By proceeding in this way, only published CVEs that represent a real threat remain in our df. 

# **V - Creation of the alert database:**
We now have all the information to create the final DataFrame with all the information necessary for our application. Here is the structure of the dataframe we want:

| Column Name | Definition & Details |
| :--- | :--- |
| **`anssi_title`** | Title of the ANSSI alert/advisory |
| **`anssi_link`** | Link to the ANSSI alert/advisory |
| **`anssi_desc`** | Description of the ANSSI alert/advisory |
| **`anssi_published`** | Publication date of the ANSSI alert/advisory |
| **`cve`** | Unique identifier of the table, unique number referring to the vulnerability |
| **`epss_score`** | EPSS Score, Probability that the vulnerability is exploited |
| **`cwe`** | The CWE (Common Weakness Enumeration) is a universal classification system that lists security weaknesses in software and hardware. |
| **`cwe_desc`** | CWE Description |
| **`cvss_score`** | CVSS Score, severity of the vulnerability |
| **`mitre_desc`** | Description returned by the Mitre API |
| **`affected_product`** | List of affected products table with vendor name, affected product, and vulnerable versions |


We will create this dataframe by merging mitre_df and anssi_df on the CVE column values.

In [20]:
anssi_df.columns = ['anssi_title', 'anssi_link', 'anssi_desc', 'anssi_published', 'type_publication', 'cve', 'epss_score'] # Renaming column names

DB = anssi_df.merge(mitre_df, on='cve', how='left')

In [21]:
def set_severity(cvss_score):
    if pd.isna(cvss_score):
        return np.nan
    
    if cvss_score >= 9:
        return "Critical"
    elif cvss_score >= 7:
        return "High"
    elif cvss_score >= 4:
        return "Medium"
    else:
        return "Low"

DB["base_severity"] = DB["cvss_score"].transform(set_severity)

In [22]:
DB

---

# **VI - Interpretation, analysis, and visualization of data:**

In [23]:
import matplotlib.pyplot as plt
import seaborn as sns

## 1) Histogram of vulnerability severity:

### *a. Result Formatting:*

In [24]:
# Code for plots remains same but comments would be translated
plt.title("Vulnerability Severity Distribution", fontsize=16, pad=20, fontweight='bold')
plt.xlabel("")
plt.ylabel("Occurrence")

### *c. Interpretation:*
We noted three observations:

- **Patching Priority**: Remediation efforts must focus on Red Hat / Linux, which not only suffers the most bulletins but also the most technically varied vulnerabilities.
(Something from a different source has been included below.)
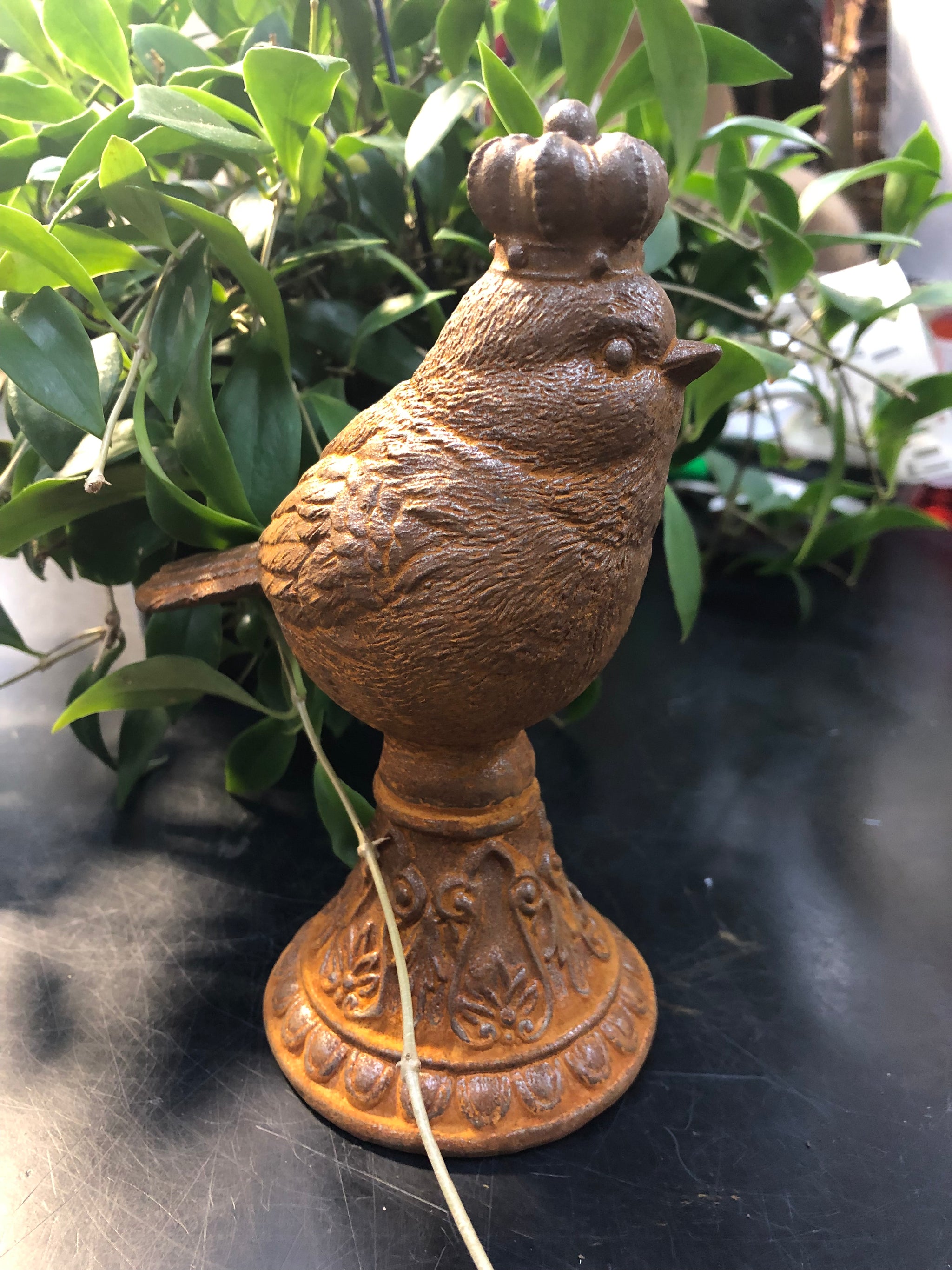 A quirky and cute  Queen Sparrow and King Sparrow with a crown. A delightful paper weight or garden ornament. ( cast iron )

- **Risk Vector #1**: Availability (DoS via resources) is the most frequent risk, but Memory Corruption is the deepest risk (often allowing remote code execution).

- **Data Observation**: It is interesting to note that the correlation matrix displays figures (e.g., 75 for Red Hat/CWE-22) much higher than the global occurrences graph. This suggests that a single bulletin can contain many CVEs, thus multiplying the actual impact per vulnerability type.